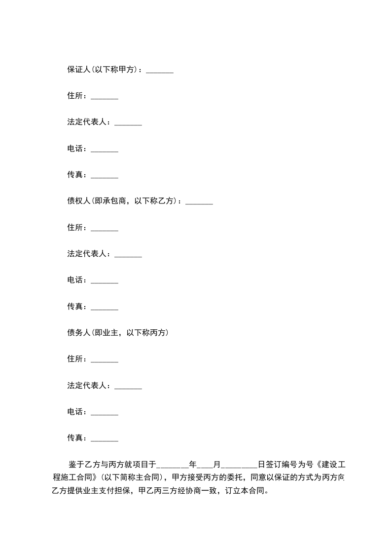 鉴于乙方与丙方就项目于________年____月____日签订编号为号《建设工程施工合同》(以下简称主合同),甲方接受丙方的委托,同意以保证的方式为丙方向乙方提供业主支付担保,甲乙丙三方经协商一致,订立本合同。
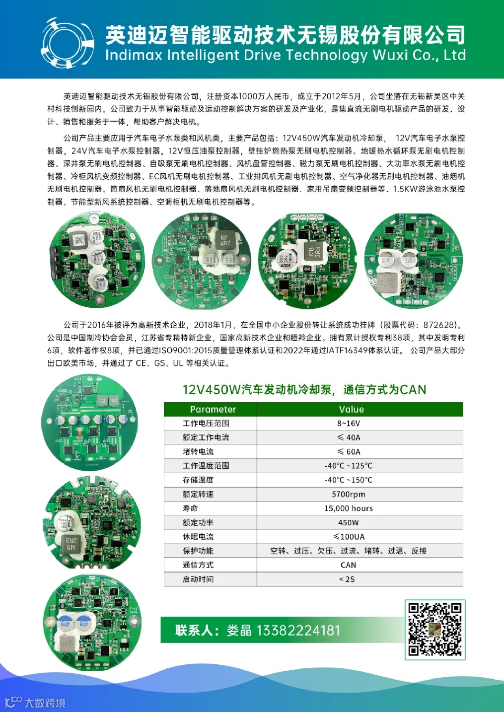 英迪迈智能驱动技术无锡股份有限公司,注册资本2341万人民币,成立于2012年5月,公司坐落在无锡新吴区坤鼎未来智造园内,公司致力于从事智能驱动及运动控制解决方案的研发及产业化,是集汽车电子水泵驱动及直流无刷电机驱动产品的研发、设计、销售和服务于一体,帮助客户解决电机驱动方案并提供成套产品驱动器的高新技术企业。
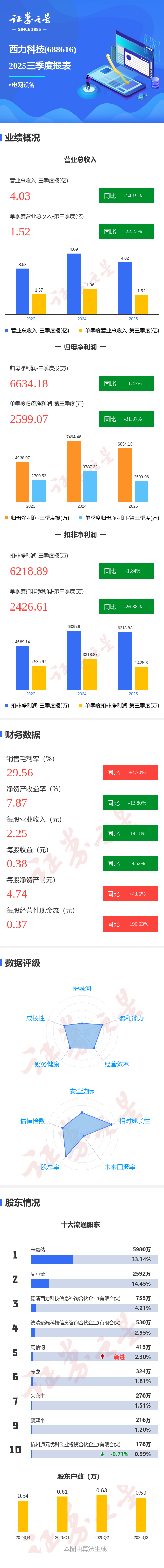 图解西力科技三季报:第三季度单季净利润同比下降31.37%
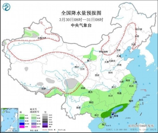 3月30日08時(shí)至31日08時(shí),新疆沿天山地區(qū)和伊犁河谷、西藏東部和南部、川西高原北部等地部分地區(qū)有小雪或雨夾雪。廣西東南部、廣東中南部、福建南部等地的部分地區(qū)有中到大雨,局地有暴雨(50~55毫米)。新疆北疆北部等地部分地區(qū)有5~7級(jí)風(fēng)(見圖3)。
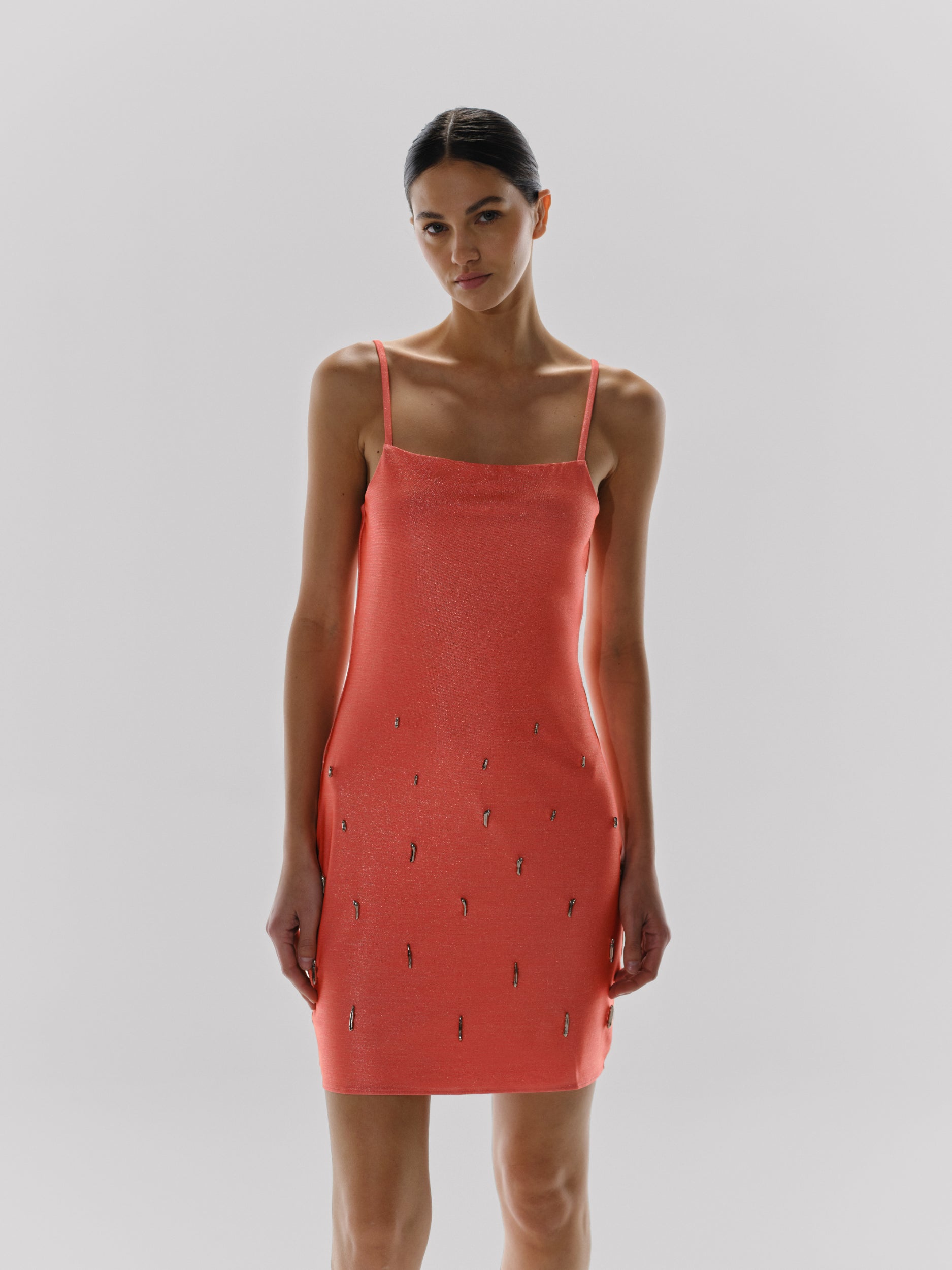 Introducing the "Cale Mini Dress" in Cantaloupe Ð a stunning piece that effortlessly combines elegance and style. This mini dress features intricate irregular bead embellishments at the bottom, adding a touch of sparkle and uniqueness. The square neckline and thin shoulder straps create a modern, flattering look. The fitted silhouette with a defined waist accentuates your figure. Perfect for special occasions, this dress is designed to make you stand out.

...

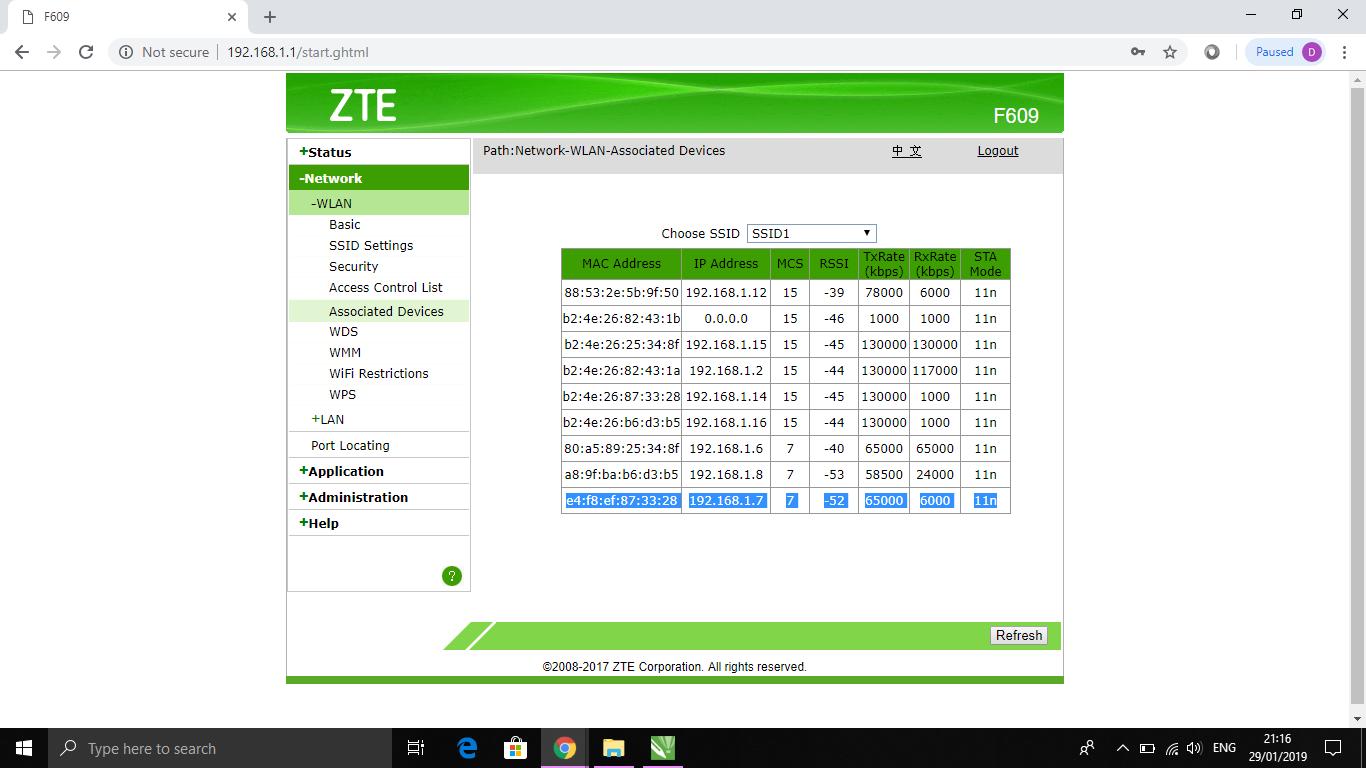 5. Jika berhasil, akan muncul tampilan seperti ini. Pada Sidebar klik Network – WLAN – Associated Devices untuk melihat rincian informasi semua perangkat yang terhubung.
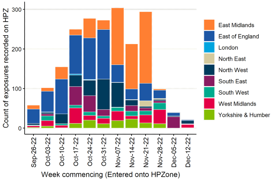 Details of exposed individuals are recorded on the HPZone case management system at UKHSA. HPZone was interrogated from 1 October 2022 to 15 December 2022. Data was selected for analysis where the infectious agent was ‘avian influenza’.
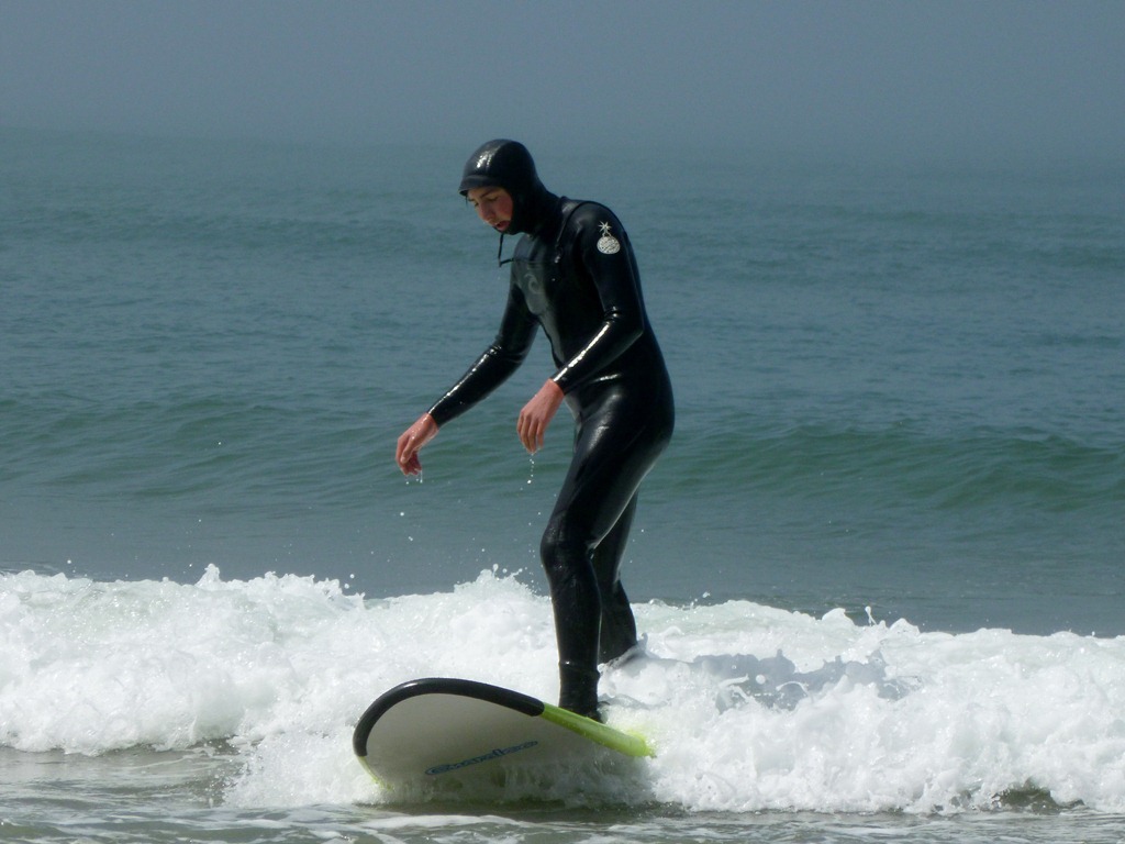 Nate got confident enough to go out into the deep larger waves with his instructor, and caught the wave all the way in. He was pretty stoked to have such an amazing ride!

[WHAT YOU WILL DO]:
Output only the lines above from the one containing "3月30日08時(shí)至" to the one containing "you stand out.", both included, exactly as written and with no pictures.

[RESULT OF THE EXERCISE]:
 3月30日08時(shí)至31日08時(shí),新疆沿天山地區(qū)和伊犁河谷、西藏東部和南部、川西高原北部等地部分地區(qū)有小雪或雨夾雪。廣西東南部、廣東中南部、福建南部等地的部分地區(qū)有中到大雨,局地有暴雨(50~55毫米)。新疆北疆北部等地部分地區(qū)有5~7級(jí)風(fēng)(見圖3)。
 Introducing the "Cale Mini Dress" in Cantaloupe Ð a stunning piece that effortlessly combines elegance and style. This mini dress features intricate irregular bead embellishments at the bottom, adding a touch of sparkle and uniqueness. The square neckline and thin shoulder straps create a modern, flattering look. The fitted silhouette with a defined waist accentuates your figure. Perfect for special occasions, this dress is designed to make you stand out.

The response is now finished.